The one thing that I think I'd change from the video is to reverse the centre blocks so that the jig lays flatter on the work bench.
As he has assembled it, the centre is 3/4" higher than the arms and might impose a force onto the frame which skews the picture frame.

I have not built this jig yet, so maybe it works fine. Just something that caught my eye.


----------



## bikeshooter

jlhaslip said:


> The one thing that I think I'd change from the video is to reverse the centre blocks so that the jig lays flatter on the work bench.
> As he has assembled it, the centre is 3/4" higher than the arms and might impose a force onto the frame which skews the picture frame.
> 
> I have not built this jig yet, so maybe it works fine.
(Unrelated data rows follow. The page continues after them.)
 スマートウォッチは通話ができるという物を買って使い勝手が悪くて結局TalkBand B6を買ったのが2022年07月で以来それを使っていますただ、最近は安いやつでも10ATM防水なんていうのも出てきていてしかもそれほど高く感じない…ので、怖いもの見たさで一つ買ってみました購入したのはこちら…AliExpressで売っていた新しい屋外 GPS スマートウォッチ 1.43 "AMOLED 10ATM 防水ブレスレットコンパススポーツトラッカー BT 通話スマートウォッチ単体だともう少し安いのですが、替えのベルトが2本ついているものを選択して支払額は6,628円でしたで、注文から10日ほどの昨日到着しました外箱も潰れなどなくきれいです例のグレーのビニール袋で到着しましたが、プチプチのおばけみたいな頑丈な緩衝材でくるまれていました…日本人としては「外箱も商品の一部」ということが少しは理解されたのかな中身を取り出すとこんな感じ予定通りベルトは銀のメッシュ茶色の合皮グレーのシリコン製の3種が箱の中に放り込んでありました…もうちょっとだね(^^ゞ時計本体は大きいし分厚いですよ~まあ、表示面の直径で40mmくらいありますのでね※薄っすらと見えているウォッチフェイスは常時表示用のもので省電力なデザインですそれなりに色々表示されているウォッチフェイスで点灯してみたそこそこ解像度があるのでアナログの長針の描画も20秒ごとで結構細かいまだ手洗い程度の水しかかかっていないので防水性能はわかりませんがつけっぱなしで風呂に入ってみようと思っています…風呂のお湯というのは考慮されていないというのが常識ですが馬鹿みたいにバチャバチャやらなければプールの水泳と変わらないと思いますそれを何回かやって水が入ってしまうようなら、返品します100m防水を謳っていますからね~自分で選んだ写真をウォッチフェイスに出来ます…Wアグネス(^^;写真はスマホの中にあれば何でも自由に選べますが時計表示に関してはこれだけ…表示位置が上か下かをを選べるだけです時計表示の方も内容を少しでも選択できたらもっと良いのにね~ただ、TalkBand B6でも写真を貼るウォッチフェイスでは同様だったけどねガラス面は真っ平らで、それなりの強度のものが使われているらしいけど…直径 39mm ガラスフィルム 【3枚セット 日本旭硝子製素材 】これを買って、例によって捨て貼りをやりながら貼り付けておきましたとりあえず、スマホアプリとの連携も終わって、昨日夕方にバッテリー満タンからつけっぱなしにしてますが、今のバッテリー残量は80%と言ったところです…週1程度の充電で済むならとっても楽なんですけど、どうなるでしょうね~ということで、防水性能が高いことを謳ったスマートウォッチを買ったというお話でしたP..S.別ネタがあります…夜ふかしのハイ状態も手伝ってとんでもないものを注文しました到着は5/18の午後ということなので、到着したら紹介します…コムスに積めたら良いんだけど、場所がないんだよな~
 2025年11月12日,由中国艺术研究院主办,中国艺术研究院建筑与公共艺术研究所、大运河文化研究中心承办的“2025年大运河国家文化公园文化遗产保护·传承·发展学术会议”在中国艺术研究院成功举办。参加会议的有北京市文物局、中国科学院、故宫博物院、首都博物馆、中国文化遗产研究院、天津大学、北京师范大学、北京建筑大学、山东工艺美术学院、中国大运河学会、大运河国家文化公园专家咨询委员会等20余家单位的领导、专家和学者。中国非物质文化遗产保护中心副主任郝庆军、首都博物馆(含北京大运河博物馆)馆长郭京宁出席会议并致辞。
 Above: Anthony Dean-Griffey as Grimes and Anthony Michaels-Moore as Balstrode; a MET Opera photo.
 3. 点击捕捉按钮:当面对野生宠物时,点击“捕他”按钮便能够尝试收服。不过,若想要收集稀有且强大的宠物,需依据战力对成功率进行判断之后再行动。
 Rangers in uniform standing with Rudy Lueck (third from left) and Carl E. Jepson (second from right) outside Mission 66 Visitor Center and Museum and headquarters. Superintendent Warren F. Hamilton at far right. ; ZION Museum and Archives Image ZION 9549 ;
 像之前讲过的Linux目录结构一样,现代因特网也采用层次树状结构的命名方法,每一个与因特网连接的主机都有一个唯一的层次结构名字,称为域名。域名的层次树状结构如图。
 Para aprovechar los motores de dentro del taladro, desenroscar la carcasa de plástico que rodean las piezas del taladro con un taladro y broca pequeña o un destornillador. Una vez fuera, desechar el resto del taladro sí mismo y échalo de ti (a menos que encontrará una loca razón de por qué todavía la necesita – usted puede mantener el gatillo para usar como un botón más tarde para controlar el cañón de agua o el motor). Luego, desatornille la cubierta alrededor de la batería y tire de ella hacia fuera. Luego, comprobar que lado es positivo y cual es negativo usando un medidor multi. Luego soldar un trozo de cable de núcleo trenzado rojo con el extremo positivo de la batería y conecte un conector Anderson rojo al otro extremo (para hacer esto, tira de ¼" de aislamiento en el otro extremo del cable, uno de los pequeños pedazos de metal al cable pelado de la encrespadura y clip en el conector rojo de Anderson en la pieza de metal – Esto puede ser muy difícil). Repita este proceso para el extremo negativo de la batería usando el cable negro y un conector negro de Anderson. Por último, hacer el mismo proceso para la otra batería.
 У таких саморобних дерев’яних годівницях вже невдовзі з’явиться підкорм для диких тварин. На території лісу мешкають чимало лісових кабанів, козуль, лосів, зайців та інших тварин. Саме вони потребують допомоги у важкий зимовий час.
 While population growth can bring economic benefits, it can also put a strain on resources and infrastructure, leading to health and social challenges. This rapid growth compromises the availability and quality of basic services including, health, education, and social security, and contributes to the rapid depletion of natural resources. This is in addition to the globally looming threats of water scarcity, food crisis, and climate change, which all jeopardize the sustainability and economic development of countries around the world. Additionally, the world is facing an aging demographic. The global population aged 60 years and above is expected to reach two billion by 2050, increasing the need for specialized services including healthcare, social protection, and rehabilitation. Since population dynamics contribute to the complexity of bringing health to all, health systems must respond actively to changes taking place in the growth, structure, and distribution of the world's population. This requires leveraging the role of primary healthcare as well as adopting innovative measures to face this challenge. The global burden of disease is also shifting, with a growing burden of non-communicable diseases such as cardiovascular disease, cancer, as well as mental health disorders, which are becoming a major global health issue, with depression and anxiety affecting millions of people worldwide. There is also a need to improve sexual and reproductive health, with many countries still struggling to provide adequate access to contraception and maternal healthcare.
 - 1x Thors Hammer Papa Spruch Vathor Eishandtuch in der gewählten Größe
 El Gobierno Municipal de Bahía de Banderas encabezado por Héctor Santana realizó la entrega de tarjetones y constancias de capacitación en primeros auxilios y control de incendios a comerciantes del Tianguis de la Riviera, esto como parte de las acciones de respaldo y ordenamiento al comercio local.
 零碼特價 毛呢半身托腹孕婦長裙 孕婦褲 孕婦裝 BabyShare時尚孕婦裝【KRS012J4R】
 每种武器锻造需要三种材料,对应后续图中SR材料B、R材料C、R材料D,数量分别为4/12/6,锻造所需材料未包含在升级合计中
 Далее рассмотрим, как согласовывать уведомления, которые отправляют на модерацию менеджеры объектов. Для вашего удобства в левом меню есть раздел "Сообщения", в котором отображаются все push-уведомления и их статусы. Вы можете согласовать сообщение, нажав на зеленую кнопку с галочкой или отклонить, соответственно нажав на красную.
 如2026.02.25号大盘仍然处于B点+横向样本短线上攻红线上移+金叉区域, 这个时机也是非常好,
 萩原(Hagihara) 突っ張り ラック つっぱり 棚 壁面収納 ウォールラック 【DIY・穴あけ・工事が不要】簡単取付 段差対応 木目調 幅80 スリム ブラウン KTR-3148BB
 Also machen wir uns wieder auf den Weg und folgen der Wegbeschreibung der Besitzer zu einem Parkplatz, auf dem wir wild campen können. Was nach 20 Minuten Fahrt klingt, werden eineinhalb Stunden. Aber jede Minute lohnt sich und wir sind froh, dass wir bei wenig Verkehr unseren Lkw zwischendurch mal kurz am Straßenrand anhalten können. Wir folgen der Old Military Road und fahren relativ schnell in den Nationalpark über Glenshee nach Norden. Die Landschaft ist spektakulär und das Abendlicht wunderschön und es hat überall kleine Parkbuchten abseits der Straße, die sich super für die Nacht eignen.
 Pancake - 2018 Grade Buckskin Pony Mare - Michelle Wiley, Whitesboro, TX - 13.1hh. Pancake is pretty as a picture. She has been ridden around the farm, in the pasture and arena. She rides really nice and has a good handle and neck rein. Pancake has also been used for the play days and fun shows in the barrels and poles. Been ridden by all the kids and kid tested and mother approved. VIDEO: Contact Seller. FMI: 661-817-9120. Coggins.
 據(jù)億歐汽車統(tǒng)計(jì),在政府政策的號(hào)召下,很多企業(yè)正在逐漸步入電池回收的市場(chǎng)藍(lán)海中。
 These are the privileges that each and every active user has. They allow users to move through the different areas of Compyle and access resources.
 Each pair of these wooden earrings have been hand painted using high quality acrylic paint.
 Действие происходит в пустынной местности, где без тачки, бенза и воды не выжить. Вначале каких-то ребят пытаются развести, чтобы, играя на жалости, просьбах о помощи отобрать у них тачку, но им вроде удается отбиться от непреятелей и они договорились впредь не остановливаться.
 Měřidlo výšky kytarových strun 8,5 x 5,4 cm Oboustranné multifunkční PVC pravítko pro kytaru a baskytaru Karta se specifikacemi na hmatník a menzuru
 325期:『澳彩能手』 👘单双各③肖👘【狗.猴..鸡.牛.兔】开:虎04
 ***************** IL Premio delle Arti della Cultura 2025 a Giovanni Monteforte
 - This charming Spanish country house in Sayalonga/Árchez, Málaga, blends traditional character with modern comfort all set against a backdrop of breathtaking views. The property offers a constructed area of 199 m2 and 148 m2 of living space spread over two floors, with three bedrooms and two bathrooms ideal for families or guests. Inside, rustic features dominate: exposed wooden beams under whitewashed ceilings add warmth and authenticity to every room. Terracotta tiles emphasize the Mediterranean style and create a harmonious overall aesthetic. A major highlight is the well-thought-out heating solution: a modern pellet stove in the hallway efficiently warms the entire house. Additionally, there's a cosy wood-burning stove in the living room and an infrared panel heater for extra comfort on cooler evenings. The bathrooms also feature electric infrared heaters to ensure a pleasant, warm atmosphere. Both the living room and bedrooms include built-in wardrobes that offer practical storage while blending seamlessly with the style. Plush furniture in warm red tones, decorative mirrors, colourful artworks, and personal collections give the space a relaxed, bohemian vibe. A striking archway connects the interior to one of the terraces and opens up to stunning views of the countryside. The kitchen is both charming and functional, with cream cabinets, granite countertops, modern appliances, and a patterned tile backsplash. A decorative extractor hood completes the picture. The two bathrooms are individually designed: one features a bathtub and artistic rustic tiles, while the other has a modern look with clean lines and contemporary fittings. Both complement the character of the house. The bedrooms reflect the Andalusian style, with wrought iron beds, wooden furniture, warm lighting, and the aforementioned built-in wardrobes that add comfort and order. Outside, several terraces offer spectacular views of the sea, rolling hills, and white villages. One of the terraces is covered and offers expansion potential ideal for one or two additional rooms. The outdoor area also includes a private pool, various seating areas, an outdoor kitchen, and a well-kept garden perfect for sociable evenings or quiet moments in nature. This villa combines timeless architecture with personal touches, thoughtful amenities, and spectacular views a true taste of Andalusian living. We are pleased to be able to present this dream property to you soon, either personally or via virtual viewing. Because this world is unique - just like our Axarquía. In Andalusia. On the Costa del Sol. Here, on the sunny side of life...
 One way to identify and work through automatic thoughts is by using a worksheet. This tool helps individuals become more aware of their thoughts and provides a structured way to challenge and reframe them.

Just something that caught my eye.


I put the center screw block on top of what I built for just that reason.

I forgot to mention in the first post to stick a small piece of wax paper under the corners to catch any glue drips.


----------



## jlhaslip

Just reviewed your pictures in the Opening Post and noticed that you did that. 

I'll try to stay awake next time... :lol:


----------



## Rob

If your miters are perfect, all you need is a rubber band.


----------